Elan was silent for a while, thinking about that. “What happened?”

The quiet between them stretched into minutes before Damasc spoke again.

“We were attacked. Ambushed in broad daylight,” he said. “They came up through the ground...inside the stone walls of our building... Outside they had human soldiers waiting to catch any of us who tried to escape.”

“Human...!?” Elan asked in shock.

Damasc nodded. “Humans. This is a painful lesson, Ela...one that would be best to learn now, from me rather than later from a traitor. Humans are not angels. We choose our path through life and we are free to choose any path. Neither good nor evil lays sole claim to our souls, little dreamer.”

She looked around the area, avoiding contact with her father’s eyes for a long moment. “I don’t know any other humans...”

“I know. And I’m sorry for that...” he sighed. “I wanted you and your mother to be safe while I fought...”

“It’s alright, Father,” she said, getting up with a troubled expression. “I understand. I…need to think about this.”

He watched her walk away before sitting back against the boulder and sighing as he stared up at the drifting clouds. Could she understand? Was there any hope of even that meager salve to his conscience?

Damasc didn't know, and the question of it was preying on his mind every day and night now. The talk of demons and the failings of his past burned in him then, an old fire and one that he had thought quenched in the blood of all those he had called friend.
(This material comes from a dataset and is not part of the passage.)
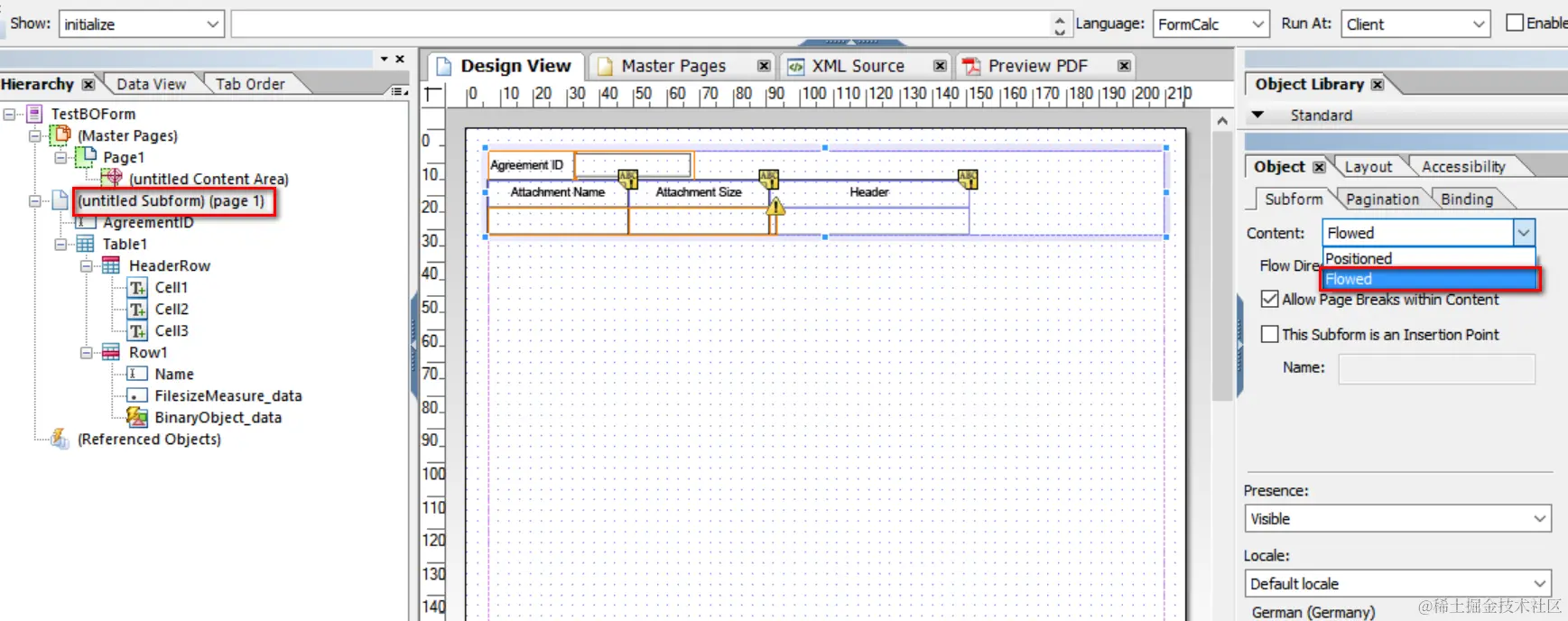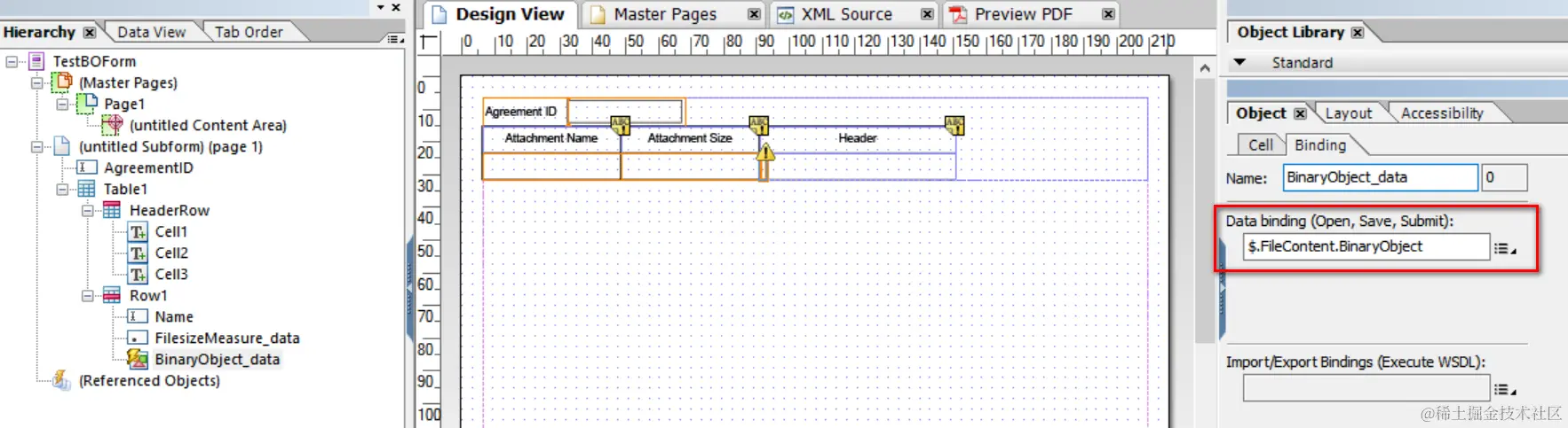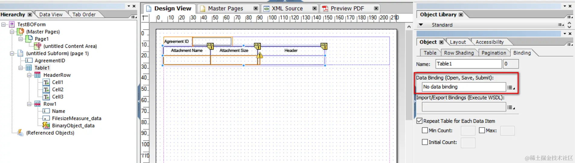 Select table row node, bind it to path: $.TestBO.Attachment.DocumentList[*] and mark the checkbox “Repeat Row for Each Data Item”:

He got up slowly then and walked back to the house, then into his and his wife's room.

Beside the bedroll, wrapped in tattered cloth, was something he hadn't looked on in three years. Damasc steeled his determination then and drew out the dull metal of his sword.

If his little dreamer was going to follow her father's path, then she should be shown well and truly how to walk it. Perhaps, just perhaps, he might deter her from it if she saw the cold, stark reality of the road she sought.

Living was the best a person could hope for in these days.

*****

Elanthielle was by the riverside, gathering water for the crops, when she heard a noise behind her. She turned around and saw her father standing there, dressed the way he had been the first time she saw him. His clothes were thick and stiff, his sword strapped at his side, and his face painted blue.

“Father?”

He was silent for a long moment and just stared at her as she stood up and looked at him. Finally he pulled an object from behind his back and tossed it to her. “Catch.”

She did, barely plucking the item from the air as it flew past her. She looked at it in wonder for a moment. “Father?”

He didn’t speak as she pulled the long, slim blade from the leather sheath and looked at it as the dull metal reflected the rising sun.

“That belonged to a friend of mine,” Damasc told her. “He was a small man...but brave, and loyal... He died well. I brought it with me for your mother, but you're old enough now, Ela... If you intend to follow my path, my daughter...you must understand and accept this one thing.”